* _EXERCISE DESCRIPTION_
Without pictures, return the lines from the one containing "メイベリン MAYBELLINE SPステイ" through the last line of the data below, exactly.

* _DATA BELOW_
* * *
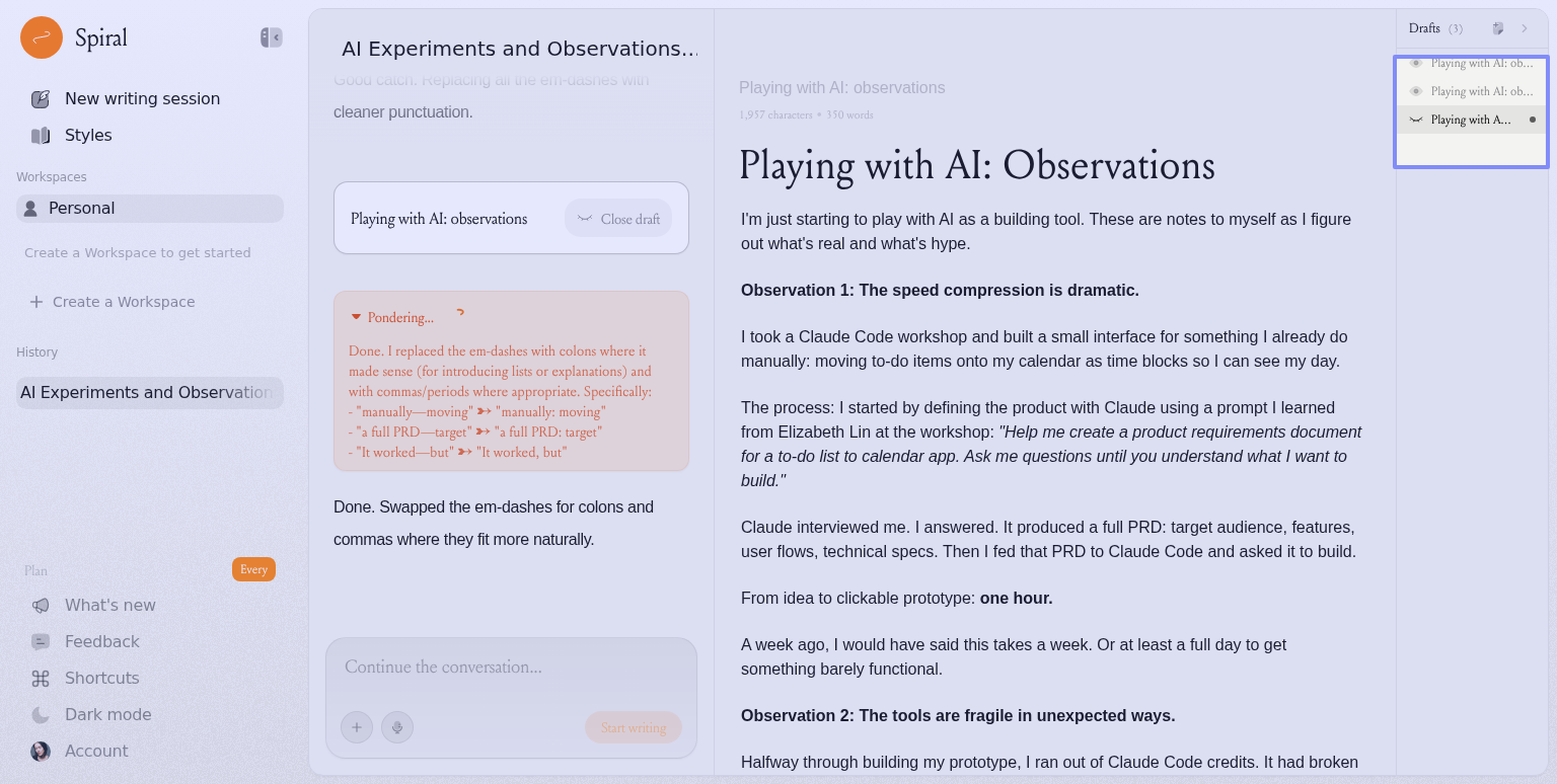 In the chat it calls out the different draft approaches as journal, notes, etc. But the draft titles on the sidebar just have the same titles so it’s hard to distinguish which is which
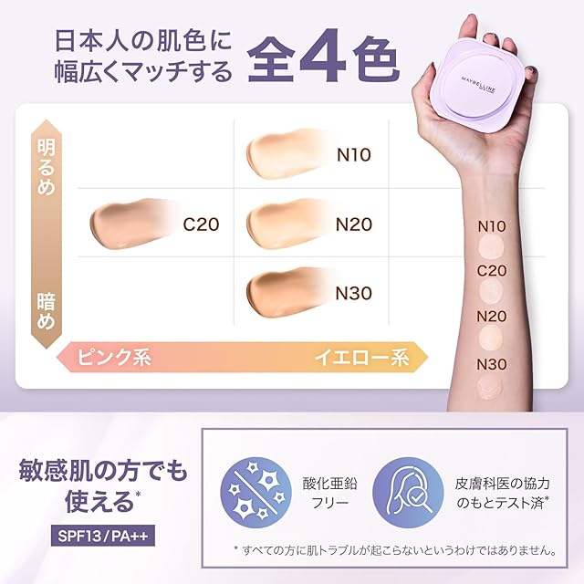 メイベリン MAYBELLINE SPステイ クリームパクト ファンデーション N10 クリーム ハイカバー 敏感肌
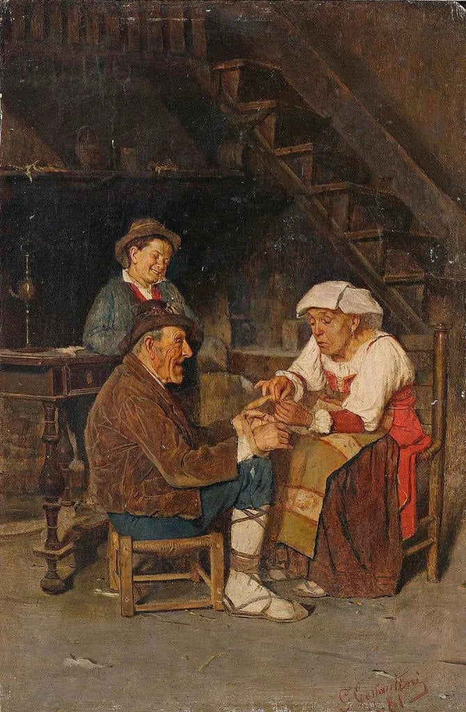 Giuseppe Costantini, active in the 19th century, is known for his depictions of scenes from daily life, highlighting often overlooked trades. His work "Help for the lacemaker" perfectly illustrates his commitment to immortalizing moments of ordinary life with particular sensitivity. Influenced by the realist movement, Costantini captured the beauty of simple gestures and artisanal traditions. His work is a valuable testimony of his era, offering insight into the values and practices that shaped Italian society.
* * *
* _ANSWER TO THE EXERCISE_
 メイベリン MAYBELLINE SPステイ クリームパクト ファンデーション N10 クリーム ハイカバー 敏感肌
 Giuseppe Costantini, active in the 19th century, is known for his depictions of scenes from daily life, highlighting often overlooked trades. His work "Help for the lacemaker" perfectly illustrates his commitment to immortalizing moments of ordinary life with particular sensitivity. Influenced by the realist movement, Costantini captured the beauty of simple gestures and artisanal traditions. His work is a valuable testimony of his era, offering insight into the values and practices that shaped Italian society.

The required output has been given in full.